Keto Turkey Stuffed Peppers
User Reviews
5
-
Prep Time
10 mins
-
Cook Time
50 mins
-
Total Time
1 hr
-
Servings
4
-
Calories
435 kcal
-
Course
Main Course
-
Cuisine
American
Keto Turkey Stuffed Peppers
Description
Keto Turkey Stuffed Peppers start by roasting halved bell peppers seasoned with salt, pepper, and olive oil. A filling is prepared by chopping onion, carrot, and garlic finely then sautéing with ground turkey and smoked paprika. Cauliflower rice, chopped black olives, and canned marinara sauce are added to the filling and cooked briefly to combine flavors. The mixture is spooned into the roasted pepper halves and topped with shredded mozzarella cheese before baking again to melt the cheese and finish the dish.
The recipe employs roasting to soften the peppers and then uses sautéed meat and vegetables with tomato sauce for a hearty mix. Mozzarella adds a creamy, melted element on top. Cilantro is minced and can be added for fresh flavor contrast.
Serving size is one whole pepper or two halves. The recipe notes flexibility in protein choice—ground beef or chicken can substitute turkey. Bell pepper color does not affect the recipe, and frozen carrots or homemade cauliflower rice can be used to save prep time. Leftovers keep refrigerated up to 4 days.
Ingredients
- 4 bell pepper
- salt to taste, kosher salt
- black pepper to taste, kosher salt
- 2 Tbsp olive oil divided
- 1 small sweet onion quartered
- 1 large carrot cut into 1-inch slices
- 2 garlic cloves
- 1 lb ground turkey
- 1 tbsp smoked paprika
- 1 cup cauliflower rice fresh or frozen, and thawed
- 1 cup black olives roughly chopped, pitted
- 15 oz marinara sauce one can
- 1 cup mozzarella cheese shredded
- 1 tbsp cilantro minced
Instructions
- Preheat the oven to 350F and line a medium sheet pan with parchment paper.
- Slice the peppers on half lengthways through the stem and remove the seeds. Lay the pepper halves on the prepared pan, cut side up. Season with salt, pepper, and drizzle 1 tablespoon of oil. Rub with your clean hands to season the peppers all over.
- Roast in the preheated oven for 10-12 minutes.
- Meanwhile, in a small food processor or a chopper place the onion, carrot, and garlic. Pulse a few times to chop the veggies into small pieces.
- Preheat the remaining tablespoon of oil in a medium pan. Add the chopped veggies and sautee for 3-4 minutes over medium heat.
- Stir in the ground turkey, smoked paprika, and cook until the meat is no longer pink around 5-6 minutes.
- Add the cauliflower rice, olives, crushed tomatoes and stir well to combine.

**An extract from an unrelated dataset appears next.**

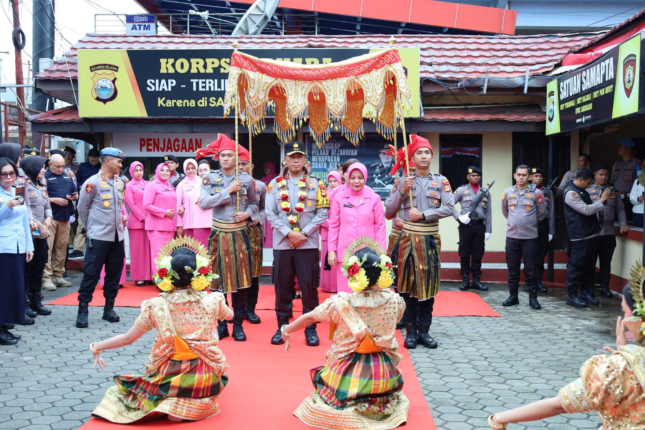 Kedatangan Kapolda Sulsel di Polres Pelabuhan Makassar disambut dengan upacara adat yang diawali dengan pemasangan salempang sarung oleh Kapolres Pelabuhan Makassar, AKBP Restu Wijayanto, S.I.K.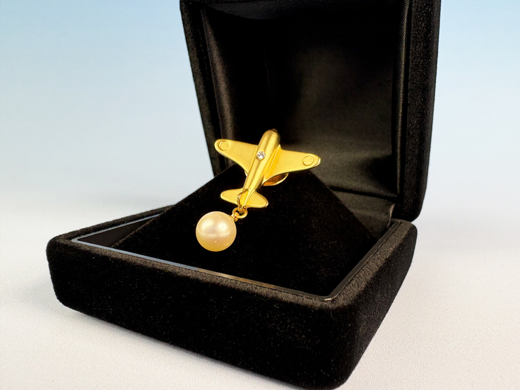 愛媛県宇和島市の井上真珠さんと共同開発された愛媛産真珠付き紫電改オリジナルピンズ。「機体のシルエット」に徹底的にこだわり、デザインされたとのこと。

Cook for 5 minutes, then season to your taste.
- Fill the pepper slices with the turkey mixture and sprinkle with mozzarella cheese.

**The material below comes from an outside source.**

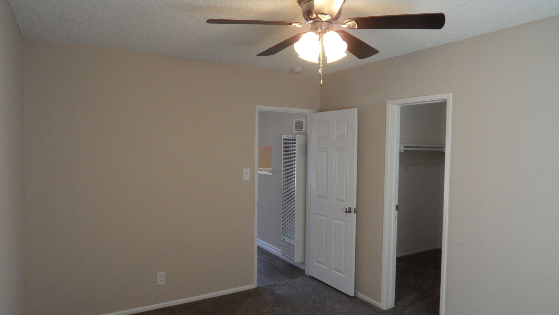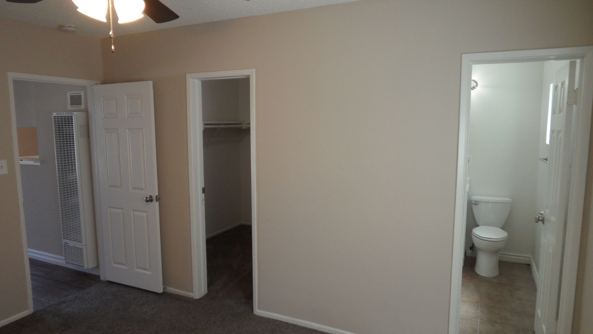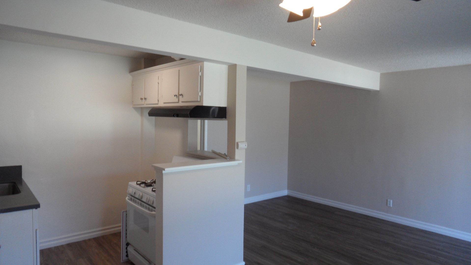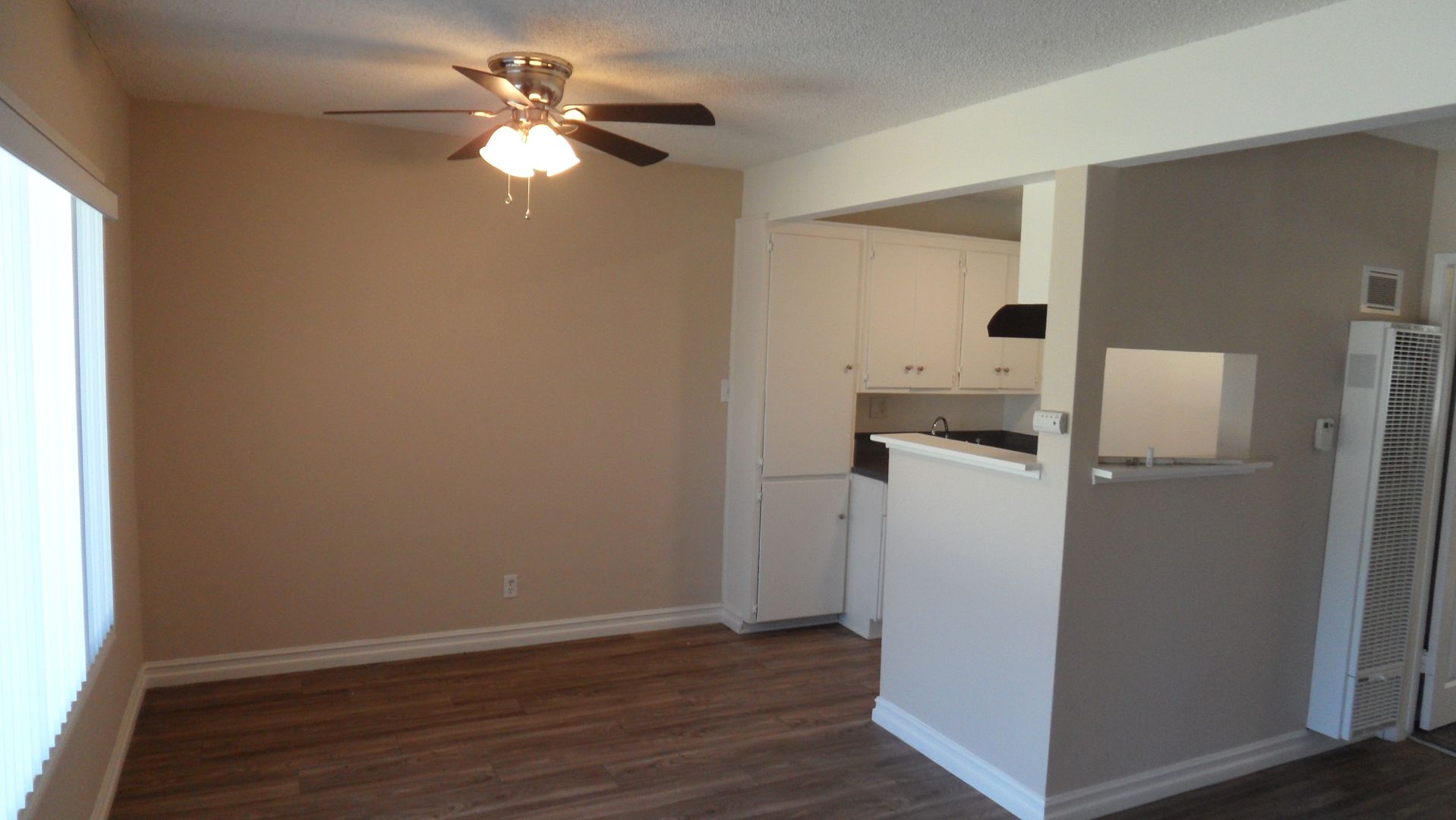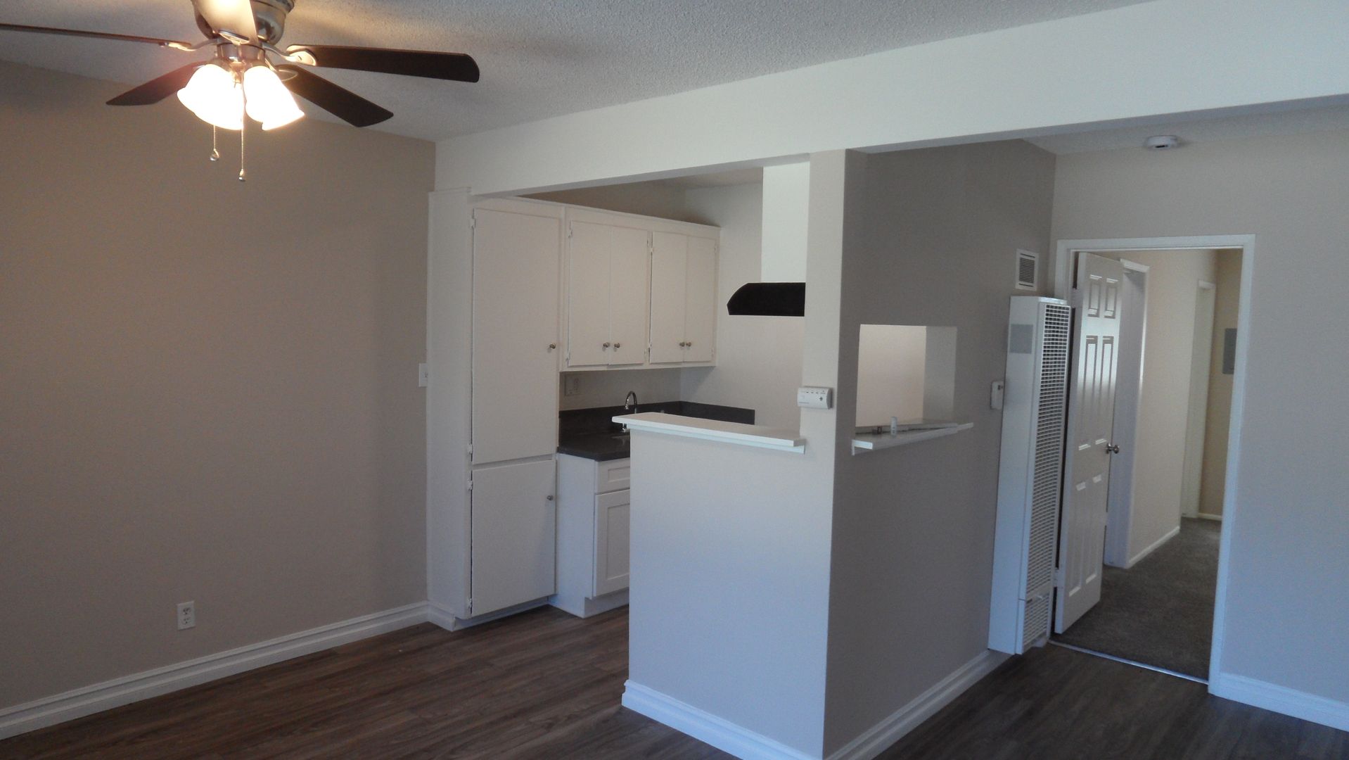 Ground level 1 bedroom 1 bath apartment with 1 car private garage and gated courtyard. Kitchen has gas cooking, eating area, and ceiling fan. Bedroom has carpet, walk-in closet, ceiling fan, and attached bathroom with brand new shower/tub combo. There is a laundry room on-site with coin operated washer and dryer. Water included in the rent.

- Bake for 10-15 minutes, or until cheese is melted.
- Garnish with minced cilantro and serve while hot.
Notes
- Serving size is one whole pepper or two halves per person.
- You can swap ground turkey for ground beef or chicken according to preference.
- Any color bell pepper works; color choice is flexible.
- Frozen carrots can be used instead of fresh for convenience.
- Use either shredded mozzarella or cheddar cheese as preferred.
- Store leftovers in a sealed container in the refrigerator for up to 4 days.
Nutrition Information
Show DetailsNutrition Facts
Serving: 4Serving
Amount Per Serving
Calories 435 kcal
% Daily Value*
| Calories | 435kcal | 22% |
| Carbohydrates | 26g | 9% |
| Protein | 38g | 76% |
| Fat | 22g | 34% |
| Saturated Fat | 6g | 30% |
| Polyunsaturated Fat | 2g | 12% |
| Monounsaturated Fat | 11g | 55% |
| Trans Fat | 1g | 50% |
| Cholesterol | 84mg | 28% |
| Sodium | 1934mg | 81% |
| Potassium | 1295mg | 28% |
| Fiber | 8g | 32% |
| Sugar | 16g | 32% |
| Vitamin A | 8413IU | 168% |
| Vitamin C | 184mg | 204% |
| Calcium | 223mg | 22% |
| Iron | 4mg | 22% |
* Percent Daily Values are based on a 2,000 calorie diet.